Figure 6 shows outcome of the experiment, with age being correlated with higher "uncertainty underestimation" ("Unc") and higher "surprise sensitivity" ("SS") in the fitted curves.
This happens because older people are worse at learning from small changes in data, but can compensate somewhat be being more willing to change their predictions after large swings in data.
"Insufficient uncertainty" might be a reasonable explanation for this, but it's easy to imagine other possible explanations as well. Maybe "insufficient attention" or "insufficient caring" could be factors, with older people maybe being more willing to stick to rough predictions without sweating the details. It would have been interesting if the study tried to measure self-confidence / certainty levels more directly, instead of just relying on fitting to a theoretical model.
e.g. if there is a small error, older people can convince themselves that they were right and the world is wrong. (My reasoning was correct, but the answer was wrong by chance. Therefore I won't change my reasoning).
However, younger people are less able to rationalize these small errors, forcing them to accept the conclusion that they are wrong.
"learning deficits observed in healthy older adults are driven by a diminished capacity to represent and use uncertainty to guide learning"
From a Bayesian, or normal machine learning, perspective: older people have collected more evidence about the world, and thus would normally reduce their learning rate, or belief update amount, for best performance. In this example, though, video games represent a different environment, and the older adults have little evidence about them. However, they fail to have a higher learning rate.
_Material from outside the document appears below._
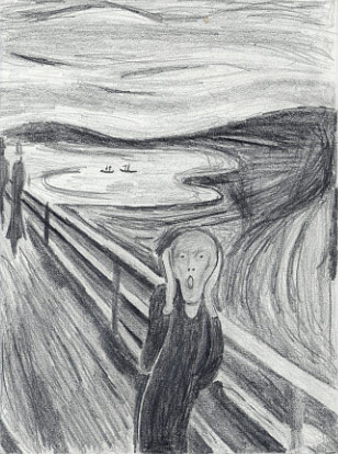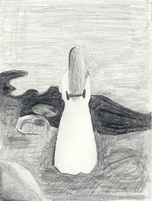 During my first semester at Chaffey College I took a drawing class. One of our assignments was to take pictures from art history and redraw them. Of course, I choose a couple of Munch images. Here are some results:

Looks to me like an evolutionary adaptation that does not work anymore; the environment did not change that quickly before.
To paraphrase: older people learn more slowly, and this parallels the lesser weight of new evidence when you have more accumulated evidence in Bayesian beliefs; or the reduction of learning rate in machine learning systems.
Even simple things like automatically switching your mind off because you find video games less interesting than a blackboard (which is the case for me) have to be taken into account.
This is really the same as intelligence tests that make assumptions over the cultural environment.